Records for this exercise:

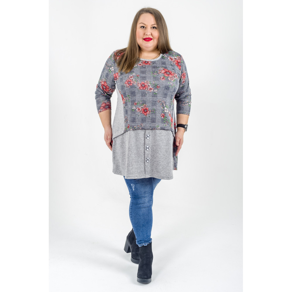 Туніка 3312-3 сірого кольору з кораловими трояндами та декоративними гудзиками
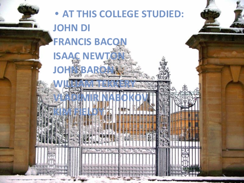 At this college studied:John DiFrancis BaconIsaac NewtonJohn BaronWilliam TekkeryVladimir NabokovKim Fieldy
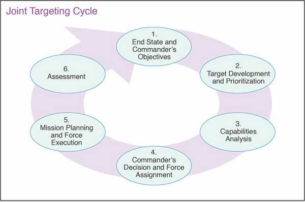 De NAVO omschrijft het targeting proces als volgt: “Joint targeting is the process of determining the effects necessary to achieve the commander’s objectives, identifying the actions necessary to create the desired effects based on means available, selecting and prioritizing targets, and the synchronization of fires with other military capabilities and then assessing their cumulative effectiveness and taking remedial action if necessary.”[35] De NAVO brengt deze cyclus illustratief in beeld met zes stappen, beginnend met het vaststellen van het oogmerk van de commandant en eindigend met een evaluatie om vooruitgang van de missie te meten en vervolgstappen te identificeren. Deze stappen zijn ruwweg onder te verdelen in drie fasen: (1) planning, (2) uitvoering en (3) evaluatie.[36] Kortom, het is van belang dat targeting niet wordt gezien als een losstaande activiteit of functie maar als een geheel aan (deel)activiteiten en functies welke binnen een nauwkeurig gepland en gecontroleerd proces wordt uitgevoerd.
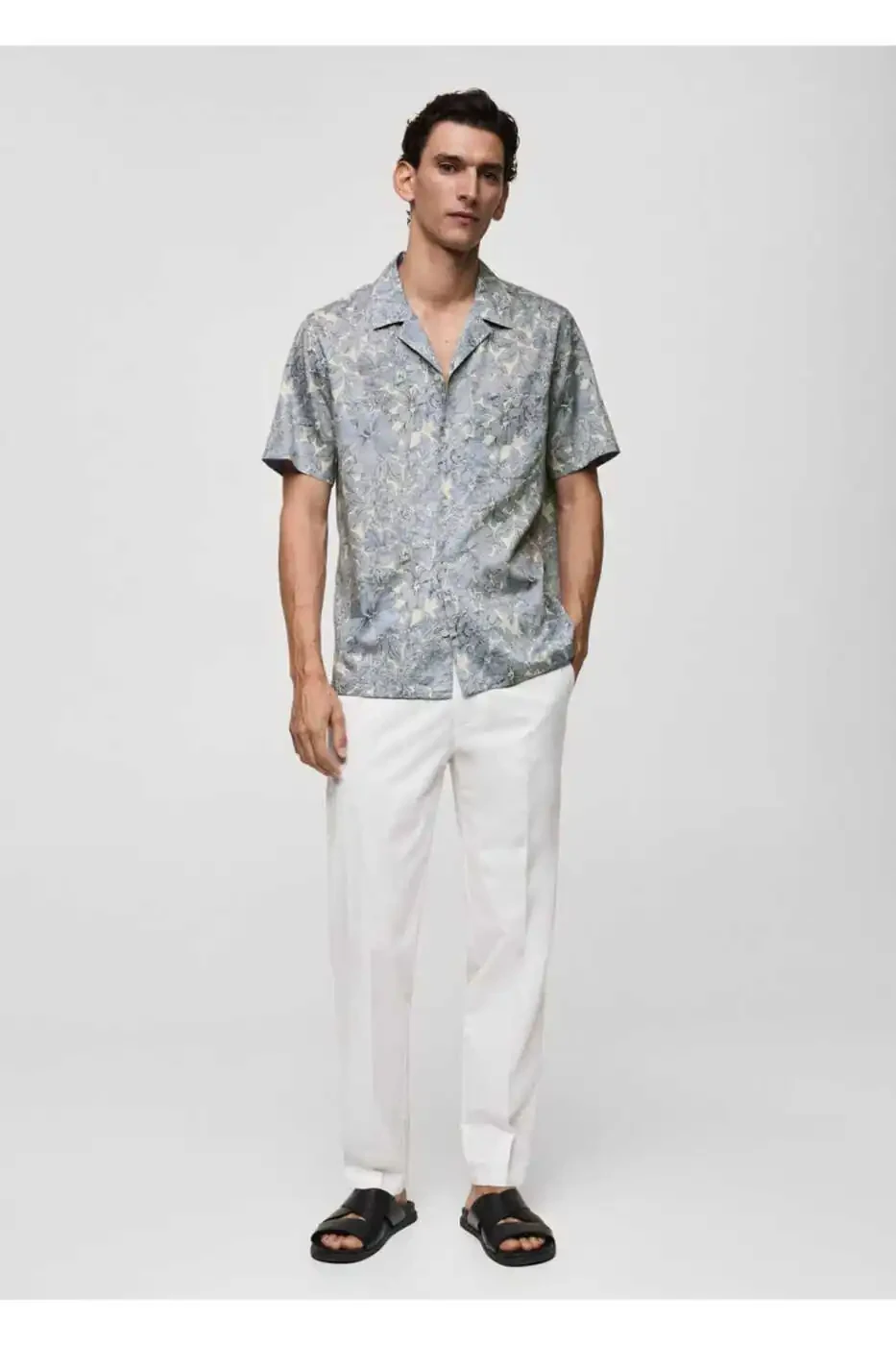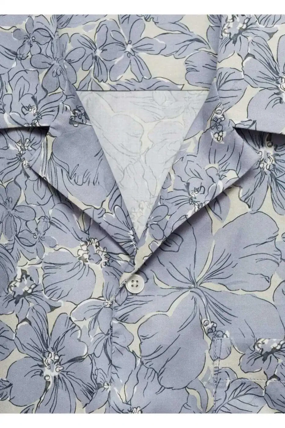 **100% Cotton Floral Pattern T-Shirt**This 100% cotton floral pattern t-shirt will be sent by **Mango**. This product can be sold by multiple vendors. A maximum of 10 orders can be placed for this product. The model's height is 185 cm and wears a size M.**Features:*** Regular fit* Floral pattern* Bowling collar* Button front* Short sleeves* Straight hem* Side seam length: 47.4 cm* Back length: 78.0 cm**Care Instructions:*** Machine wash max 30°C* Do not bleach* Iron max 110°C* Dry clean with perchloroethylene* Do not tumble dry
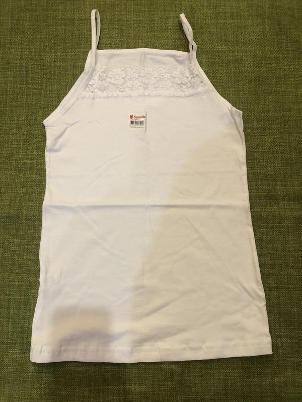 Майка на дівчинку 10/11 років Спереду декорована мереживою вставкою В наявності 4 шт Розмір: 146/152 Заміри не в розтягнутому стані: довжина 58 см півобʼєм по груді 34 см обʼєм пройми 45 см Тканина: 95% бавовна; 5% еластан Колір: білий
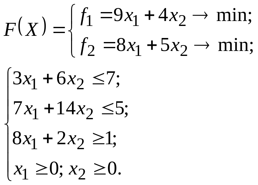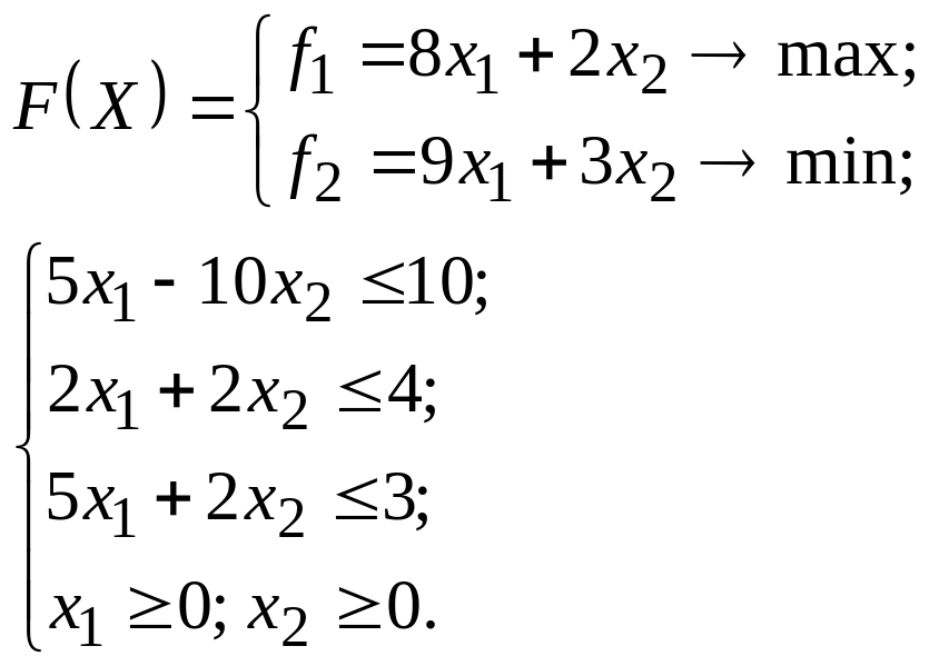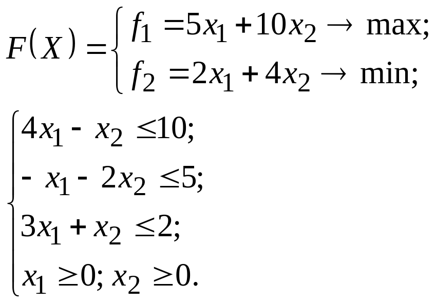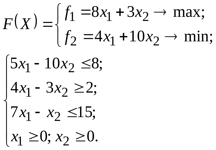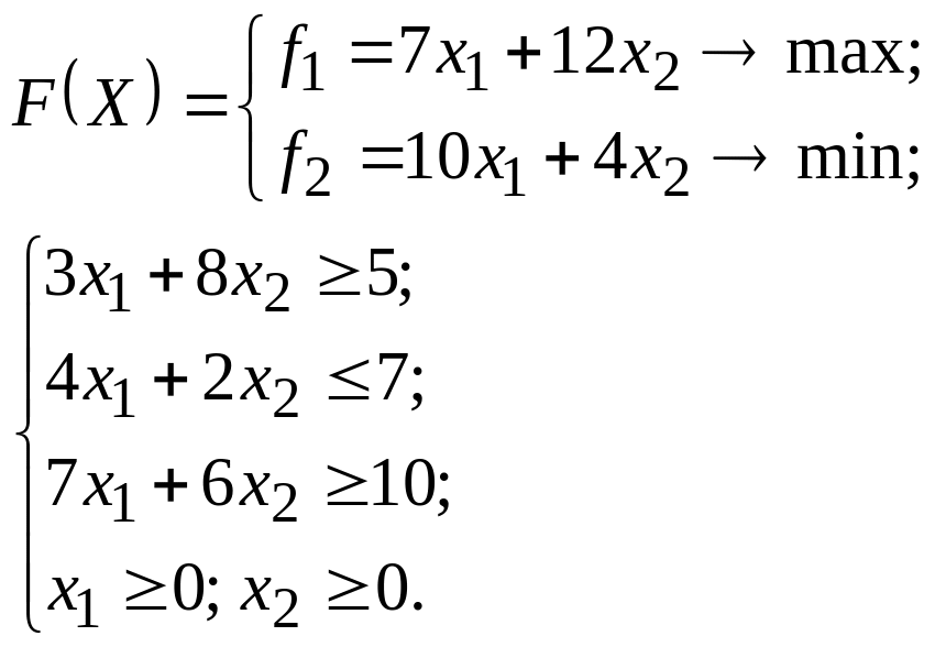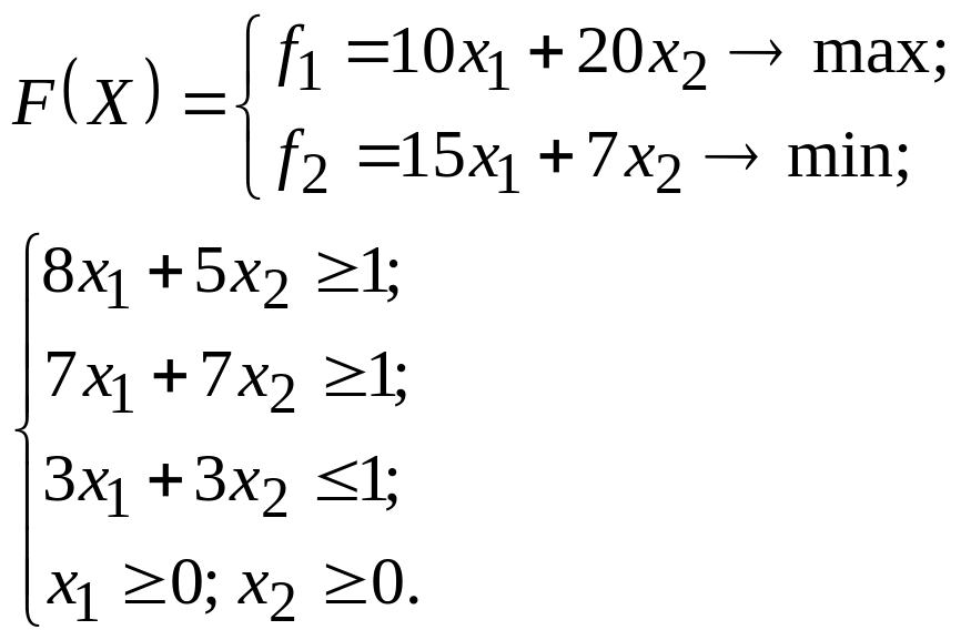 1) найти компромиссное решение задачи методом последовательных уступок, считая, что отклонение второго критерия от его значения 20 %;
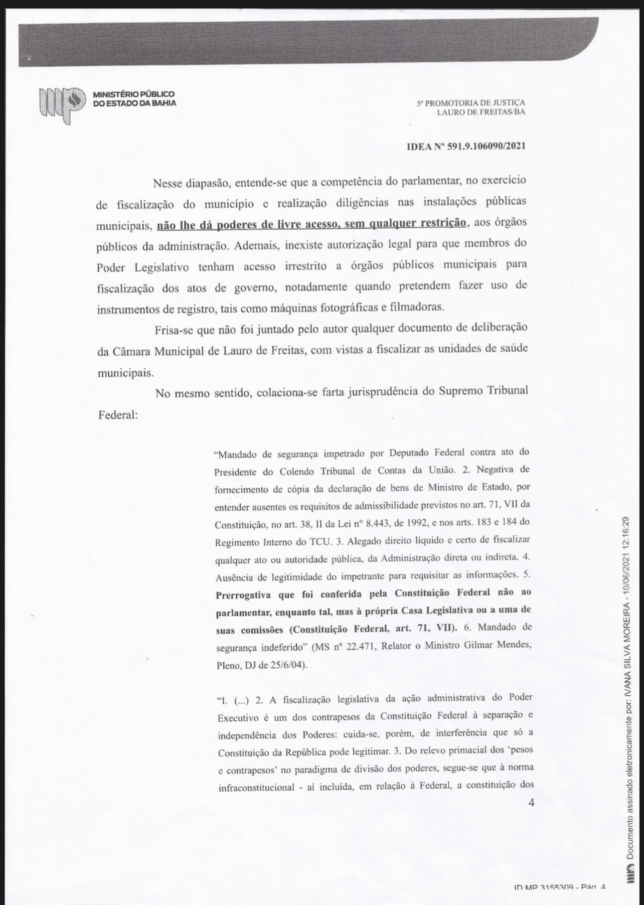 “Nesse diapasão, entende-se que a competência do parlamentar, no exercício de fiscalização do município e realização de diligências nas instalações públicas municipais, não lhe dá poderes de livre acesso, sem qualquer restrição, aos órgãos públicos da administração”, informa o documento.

Task to carry out: Transcribe every entry word for word, but omit the pictures.

Answer box:
 Туніка 3312-3 сірого кольору з кораловими трояндами та декоративними гудзиками
 At this college studied:John DiFrancis BaconIsaac NewtonJohn BaronWilliam TekkeryVladimir NabokovKim Fieldy
 De NAVO omschrijft het targeting proces als volgt: “Joint targeting is the process of determining the effects necessary to achieve the commander’s objectives, identifying the actions necessary to create the desired effects based on means available, selecting and prioritizing targets, and the synchronization of fires with other military capabilities and then assessing their cumulative effectiveness and taking remedial action if necessary.”[35] De NAVO brengt deze cyclus illustratief in beeld met zes stappen, beginnend met het vaststellen van het oogmerk van de commandant en eindigend met een evaluatie om vooruitgang van de missie te meten en vervolgstappen te identificeren. Deze stappen zijn ruwweg onder te verdelen in drie fasen: (1) planning, (2) uitvoering en (3) evaluatie.[36] Kortom, het is van belang dat targeting niet wordt gezien als een losstaande activiteit of functie maar als een geheel aan (deel)activiteiten en functies welke binnen een nauwkeurig gepland en gecontroleerd proces wordt uitgevoerd.
 **100% Cotton Floral Pattern T-Shirt**This 100% cotton floral pattern t-shirt will be sent by **Mango**. This product can be sold by multiple vendors. A maximum of 10 orders can be placed for this product. The model's height is 185 cm and wears a size M.**Features:*** Regular fit* Floral pattern* Bowling collar* Button front* Short sleeves* Straight hem* Side seam length: 47.4 cm* Back length: 78.0 cm**Care Instructions:*** Machine wash max 30°C* Do not bleach* Iron max 110°C* Dry clean with perchloroethylene* Do not tumble dry
 Майка на дівчинку 10/11 років Спереду декорована мереживою вставкою В наявності 4 шт Розмір: 146/152 Заміри не в розтягнутому стані: довжина 58 см півобʼєм по груді 34 см обʼєм пройми 45 см Тканина: 95% бавовна; 5% еластан Колір: білий
 1) найти компромиссное решение задачи методом последовательных уступок, считая, что отклонение второго критерия от его значения 20 %;
 “Nesse diapasão, entende-se que a competência do parlamentar, no exercício de fiscalização do município e realização de diligências nas instalações públicas municipais, não lhe dá poderes de livre acesso, sem qualquer restrição, aos órgãos públicos da administração”, informa o documento.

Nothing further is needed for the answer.